Mining – statisticians
Management- DBA, data architects
Analysis- marketeers
Development- programmers
I like this definition of the law of big data
more data outperforms more complex models.
I’d not heard that before… Also the phrase “repurposing data” is a great one, changing the way data is a analysed, stored or formatted to fit a new purpose.
the rise of investigative analytics requires an investigative architecture
Duncan gave a brief overview of the day to role of a data scientist (big buzzword today)
comp science, Maths, data mining, choosing when data to warehouse or distributed processing is appropriate.
Integration
Investigation
Implementation – feedback to integrate
Output data driven products, insight for decisions, data warehouse
Finishing with the different types of data activity and the EDW should be good at handling all of them.
The Teradata approach is to bring the world of nosql under the RDBMS umbrella using the as asterdata connectors which allow SQL querying of all data.

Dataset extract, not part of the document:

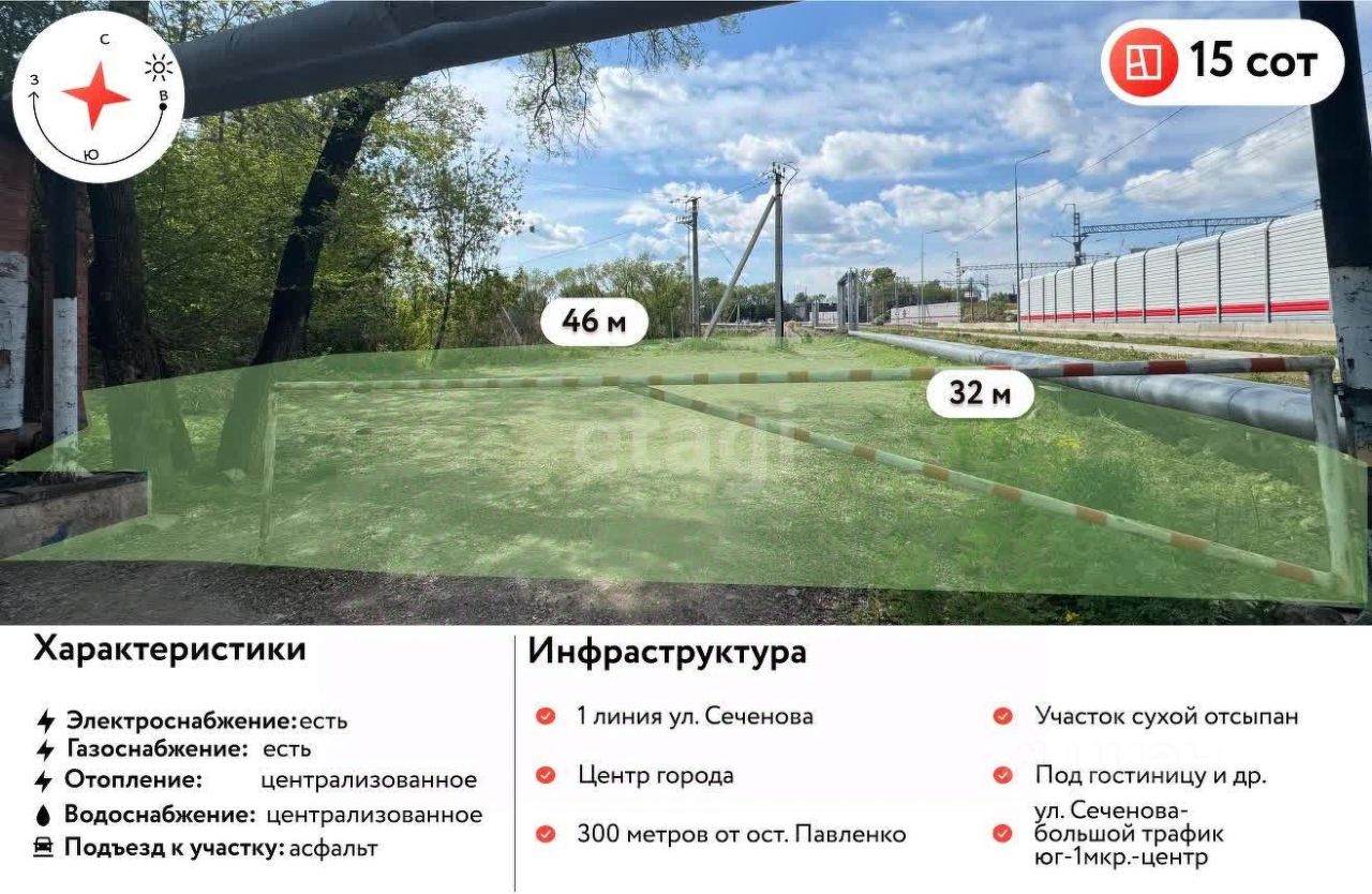 Участок площадью 15 соток расположен на пересечении улиц Сеченова и Карла-Маркса — ключевых транспортных артерий города, обеспечивающих высокую проходимость. Местоположение сочетает преимущества оживленной магистрали и развитой инфраструктуры: ежедневный трафик включает как транзитный транспорт, так и целевых посетителей близлежащих учреждений. Улица Сеченова служит альтернативным маршрутом для грузового и легкового транспорта, минующего центр города, что гарантирует стабильный поток потенциальных клиентов. Район характеризуется активной застройкой: помимо существующих жилых комплексов и административных зданий (таможня, служба судебных приставов) в радиусе 500 метров ведется возведение новых коммерческих и жилых объектов. В пешей доступности расположен ТЦ "Большая Медведица" с кинотеатром, гипермаркет "ЭНКА-мебель", остановка общественного транспорта "Павленко" и удобный выезд на улицу Карла-Маркса. Такая локация оптимальна для бизнеса, ориентированного на жителей микрорайона и транзитных посетителей: кафе, магазина формата "у дома", автосервиса или предприятия сферы услуг. Участок имеет правильную форму, проведено межевание, границы согласованы. Угловое расположение обеспечивает дополнительную видимость для рекламы и удобный подъезд с двух сторон. Территория свободна от построек, что позволяет реализовать любой проект без необходимости демонтажа. Учитывая динамику развития района и транспортную нагрузку, объект представляет собой перспективную инвестицию с потенциалом роста стоимости. Продажа осуществляется напрямую собственником, готовы предоставить полный пакет документов и организовать осмотр. Для уточнения деталей и согласования встречи свяжитесь по указанному телефону. Код пользователя: 180117 Номер в базе: 8659865

Nice idea to fit it all together if you can afford it! One of the main ideas behind hadoop is cheap commodity kit, not sure how that translates to the teradata world.
It must be difficult for speakers tied to a particular company to present at an open event like ddd but Duncan did an excellent job, it never felt like a sales pitch, was clear and he’s an entertaining speaker also loved the oil and gas seismology images
Mobile CouchDB
Next i saw the talk on Couch db mobile by Dale Harvey
Nice relaxed style with clear simple slides (even if it was on a mac )
Started with some great stats
3 b users online by 2015
With 15b connected devices
Mobile Issues with
Reliability
Latency
Bandwidth
Securityin
Topology
0.5 sec delay = 20% drop in traffic
I knew nothing about DBs on mobile devices or couch, I thought dale pitched it just right so that a novice like me or some of the more experienced programmers could get something out of it. I’ll definitely download the app on my iPad and have a play around… I like the idea of creating a shopping list that gets sent to my wife’s phone
Getting Started with Hadoop
Next up was my talk on getting started with Hadoop, I’ll leave you to tell me what you thought!
My impression was that,as usual, I speak too fast, miss stuff out and bugger about with the pc too much but hey, I’m a geek that’s all allowed! Only one bit of code messed up when I forgot to transfer the tweet file to hdfs and I didn’t trip up or knock anything over.
I must get in contact with Gary short re: creating all his measures in Hadoop
Then I had to shoot off to get to Edinburg airport to fly home, so missed prof. Whitehorn’s talk – hope Andy videoed it!